We commonly see clients struggle with reporting requirements from their ECM platform, whether that be Documentum, Alfresco or any other ECM repository. While typical ECM repositories have a relational database included in the infrastructure, the database is typically difficult to navigate with typical SQL based reporting tools. This post will discuss how TSG has been leveraging Open Source and Big Data tools to provide more “out of the box” reporting for ECM customers.
ECM Reporting – What are the issues?
Reporting requirements for typical ECM systems can be divided into two basic requirements:
1. Reporting on Documents
Reporting on Documents can include requirements like:
- How many documents were created, approved or retired last month?
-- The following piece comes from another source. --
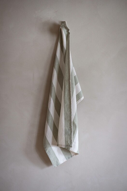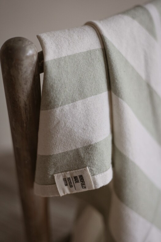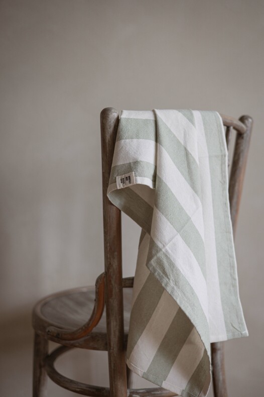 Kökshandduk i fin blockrand, tillverkad av återvunna material | Från Fondaco

Faceted by specific object types or attribute values.
- What is my backlog of unprocessed documents?
These requirements typically fall as part of the document and attributes of the system but can be difficult to report on as the metadata that drives the reporting might be constantly changing.
2. Reporting on Actions
Reporting on Actions can include requirements like:
- How many times was this document viewed?
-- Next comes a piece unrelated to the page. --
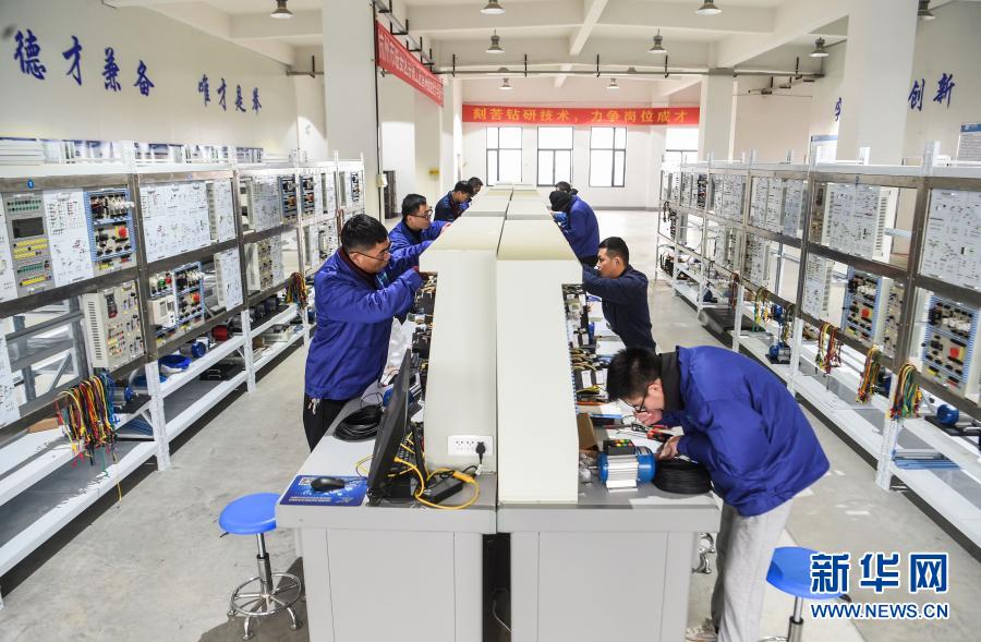2020年12月6日,浙江省杭州市臨安區(qū)總工會組織的“工匠杯”電工技能大賽舉行。這是技術(shù)工人在參加電工技能比賽。新華社記者 徐昱 攝

- Who has viewed this document?
- How long did this document approver’s task take to approve?
As the majority of legacy reporting tools focus on SQL reporting on a relational database (like Cognos, Pentaho), the difficulty with most ECM systems center around the inability to access the underlying abstracted relational database to retrieve reporting statistics. The way that Alfresco and Documentum abstract and normalize their database make it undesirable to point these tools at the database and be able to pull any meaningful data. Most ECM relational databases are laid out with a variety of different tables to provide the ability to add attributes easily. This structure makes it difficult to report on document metadata.
Another major issue is typically the ECM tools built in audit capabilities. While the audit capabilities exist, the resulting relational table within the database can quickly become overwhelmed (tens of millions of entries). As an example, Documentum provides a capability to turn on an audit trail for document viewing. While this would seem to address our requirement of who has viewed the document, Documentum counts a view as not when the document file was requested (API example) but when any of the metadata is viewed. For a search that returns 100 results in a list, the audit trial would have 100 entries quickly filling the audit trail.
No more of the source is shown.